Manta a manta las viñas no son tantas, un refrán que tenía olvidado y que alguien me ha recordado hace muy poco. Las grandes transformaciones requieren tiempo, no se consiguen de sopetón. La vehemencia es enemiga del progreso, porque no deja tiempo suficiente para vencer resistencias, para convencer, para ganar adeptos; porque la fogosidad y el apasionamiento provocan reacciones en contra, miedos innecesarios. Es cierto que para romper inercias es preciso hacer un gran esfuerzo, pero no confundamos la intensidad con la rapidez. No por mucho madrugar amanece más temprano, otro proverbio que me viene a la memoria.
La sociedad progresa día a día en derechos y en libertades. Éste es un hecho incuestionable, aunque los retrocesos reaccionarios que se producen de cuando en cuando parezcan desmentirlo. Además, me atrevería a decir que muchas veces la reacción se origina porque el desmedido ardor reformista la resucita, porque las ganas de cambiarlo todo deprisa y corriendo provoca su rebrote. Los retrocesos en política suelen ser producto del miedo, de la falta de comprensión de las propuestas progresistas, de no entenderse muy bien a que tanto denuedo, a qué tanto furor. El radicalismo asusta porque no se entiende. El extremismo espanta. El maximalismo se digiere mal.

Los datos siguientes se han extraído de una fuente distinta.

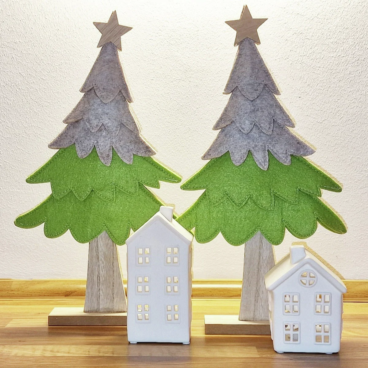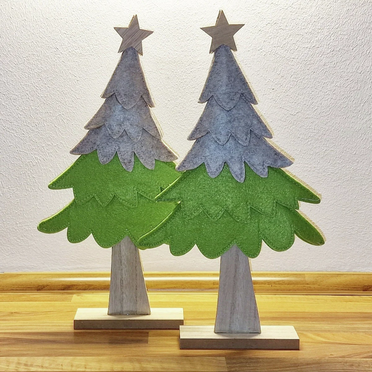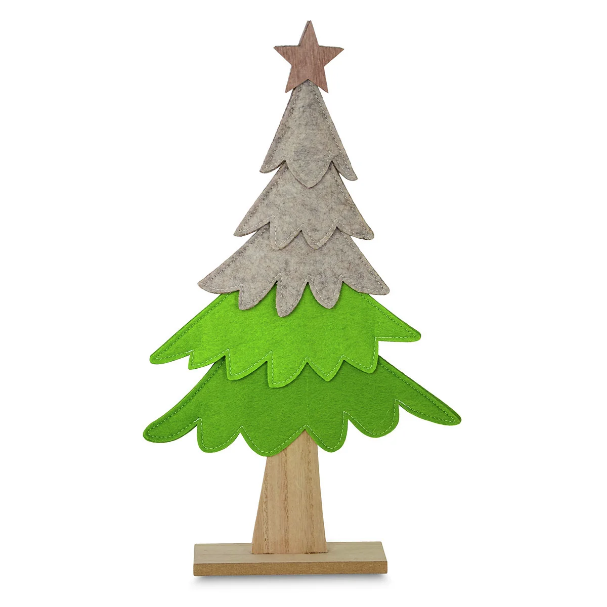 Mit solch einem dekorativen Tannenbaum aus Filz und Holz zieht natürlich-weihnachtliches Flair bei Ihnen ein! Die grau-grüne Farbkombination, der Standfuß aus naturfarbenem Holz und der kleine Holzstern an der Baumspitze sind wunderbar anzusehen. Ein echtes Schmuckstück! Aus mehrfarbigem Filz und Holz.

Cuando ahora oigo a algunos desde la izquierda acusar al gobierno de no haber sido suficientemente valiente para cambiar ciertas leyes en tan poco tiempo, me hago cruces. Son acusaciones que demuestran mala voluntad o ignorancia. Contra lo primero no tengo antídoto. Para lo segundo, recomendaría a los vehementes que no perdieran la calma, que analizaran con detenimiento el entorno, que meditaran sobre el hecho de que vivimos en una sociedad compleja, en la que existen grandes resistencias, en la que las cortapisas al progreso son muchas y muy variadas, en la que los enemigos de las reformas cuentan con una enorme cantidad de armas para impedir los cambios.
En democracia no hay más que un camino para hacer reformas, el que otorga una mayoría suficiente en las cámaras de representación. Todo lo demás es pura farfolla, pólvora mojada, pataleo inútil. No se puede hacer reformas sin los votos necesarios que las respalden; es imposible cambiar la sociedad en contra de la mayoría de los votos populares. Por eso –vuelvo al principio- los progresistas nunca deberían perder de vista que, por mucho que se denuncien las injusticias, por muchas demostraciones callejeras que se hagan, por mucha algarabía y griterío que se gaste, si no se dispone de una gran mayoría parlamentaria que sustente al gobierno, no hay nada que hacer.
Por tanto, utilicemos la inteligencia y no nos perdamos en votos inútiles.